The inclination correction terms A_Bi, E(B-V)_i and the selective extinction R_V have been calculated as a function of the morphological type T and of the B-band disk inclination i (instead of the ratio R₂₅ between the major and minor diameters at the $\mu_{B} = 25$ mag arcsec^-2 isophote) following the instructions given in the introduction to the Third Reference Catalogue of Bright Galaxies (de Vaucouleurs et al. 1991, RC3). The inclination corrections in the other photometric bands were derived by application of the Cardelli et al. (1989, CCM) extinction law. The inclination corrected total and effective colors B-V, V-R, and V-I of three galaxies, selected for being sufficiently separated one another and not too much inclined, were used to estimate the total foreground Galactic extinction. For this purpose the three colors available for each galaxy were compared with the mean values for the relevant morphological type published by Buta & Williams (1995), and the corresponding color excesses E(B-V) were calculated and averaged.
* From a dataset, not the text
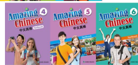
中文真棒 Amazing Chinese published in 2019 by Kang Hsuan Educational Publishing Group

Amazing Chinese is a complete Chinese language course developed for use in international school Chinese classes for grade 7-12. This language course conforms to the newest IGCSE curriculum standards, and was written in accordance with IB educational principles and AP Chinese teaching guidelines, and is thus well-suited for a variety of educational purposes. Vocabulary and expressions appearing in this course have been chosen based on their HSK levels, with additional attention paid to TOCFL vocabulary usage. Features: A wide variety of learning activities have been designed to allow for classes of students with uneven skill levels; Specially-designed listening and speaking exercises help students strengthen their comprehension and conversation skills; easily access lesson audio anytime, anywhere. VIEW MORE

Finally the weighted mean of the values obtained for these three objects, $E(B-V) = 0.29 \pm 0.06$ ( A_B = 1.19 mag, assuming a selective extinction R_V = 3.1) was used as a measure of the Galactic extinction in the direction of the galaxy group. We stress that this value is significantly different from the ones available from NED, A_B = 0.610 and A_B = 0.642 mag, based on the maps of Schlegel et al. (1998) and Burstein & Heiles (1982), respectively. This discrepancy could be due to small-scale fluctuations in the foreground extinction as a consequence of the patchy dust distribution at low Galactic latitudes. Such fluctuations cannot be detected by interpolating data from large scale maps like those cited above. In Table 4 we list observed magnitudes and colors of the seven galaxies in the field and the corresponding values (in bold) corrected for inclination and Galactic extinction.